SEL1LS780P and SEL1LΔ806-809 variants enhance ERAD in an ER stress model
SEL1L is an integral component of the Hrd1 ERAD complex, which retrotranslocates misfolded proteins from the ER lumen and ubiquitinates them for degradation by the proteasome [10,13,15]. Although its role in ERAD remains unclear, NGLY1 has been shown to physically interact with proteins in the ERAD complex, including Derlin-1 and VCP [26,27]. The deglycosylation of ERAD substrates by NGLY1 is thought to prepare misfolded glycoproteins for proteasomal degradation [5,28,29].
We crossed a Drosophila eye model of ER stress with the SEL1L strains to determine the variant-specific effects on ERAD. In this model, a transgene carries an eye-specific GAL4 (GMR-GAL4) that drives the overexpression of a mutant misfolded rhodopsin protein (encoded by UAS-Rh1^G69D^) that constitutively misfolds and induces degeneration in the developing larval eye disc [30–33]. The misfolded rhodopsin protein leads to chronic ER stress in the eye disc, cell death, and a rough eye phenotype in adult flies. These eyes are also significantly smaller than wildtype eyes. This model is sensitive to changes in ERAD function and increased ERAD function is protective against eye degeneration [30]. In larval eye discs, overexpressing Hrd1, the ERAD protein essential for transporting misfolded proteins out of the ER, nearly completely restored the normal appearance of the eye [30]. Increasing Hrd1 levels enhances ERAD, helping to clear misfolded rhodopsin, which in turn prevents ER stress and protects against degeneration. Conversely, knockdown of ERAD components in this model leads to increased eye degeneration [30]. Because SEL1L is a component of the Hrd1 ERAD complex, modifying SEL1L should similarly affect phenotypes in the ER stress eye model.

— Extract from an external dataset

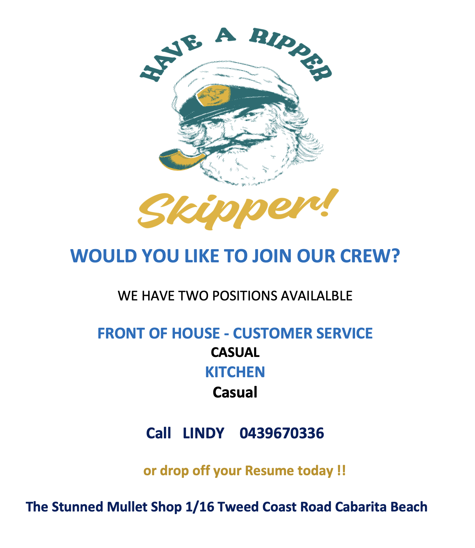 Please send us your resume to stunnedmullet2488@gmail.com or call Lindy on 0439670336

We hypothesized that losing SEL1L would decrease ERAD and enhance the eye degeneration phenotype, leading to a smaller eye size. We expressed SEL1L RNAi in the eye discs to knockdown SEL1L in the ER stress model (and NGLY1 wildtype) and observed that the eyes were significantly smaller than in the flies without knockdown of SEL1L (p = 0.0016) (Fig 4A and S5 Data). The reduction in eye size observed in this model following SEL1L knockdown is expected, given SEL1L’s established role in ERAD function. We next crossed the different SEL1L variants onto this model (and NGLY1 wildtype) to investigate their effects on eye size. Because the ER stress model strain carries the common SEL1L wildtype allele, crossing our SEL1L variants onto this model provided the same SEL1L genotypes as previously described. We observed an increase in eye size of the SEL1L^S780P/+^ (p < 0.0001) and SEL1L^Δ806-809/+^ (p < 0.0001) genotypes compared to the SEL1L^+/+^ flies (Fig 4B and S5 Data), opposite of what we observed with the RNAi knockdown experiment. Given that previous studies show that improvement in ERAD function increases eye size, this result suggests that the SEL1L^S780P^ and SEL1L^Δ806-809^ alleles improve resistance to ER stress, likely through enhanced ERAD function, in an NGLY1 wildtype background.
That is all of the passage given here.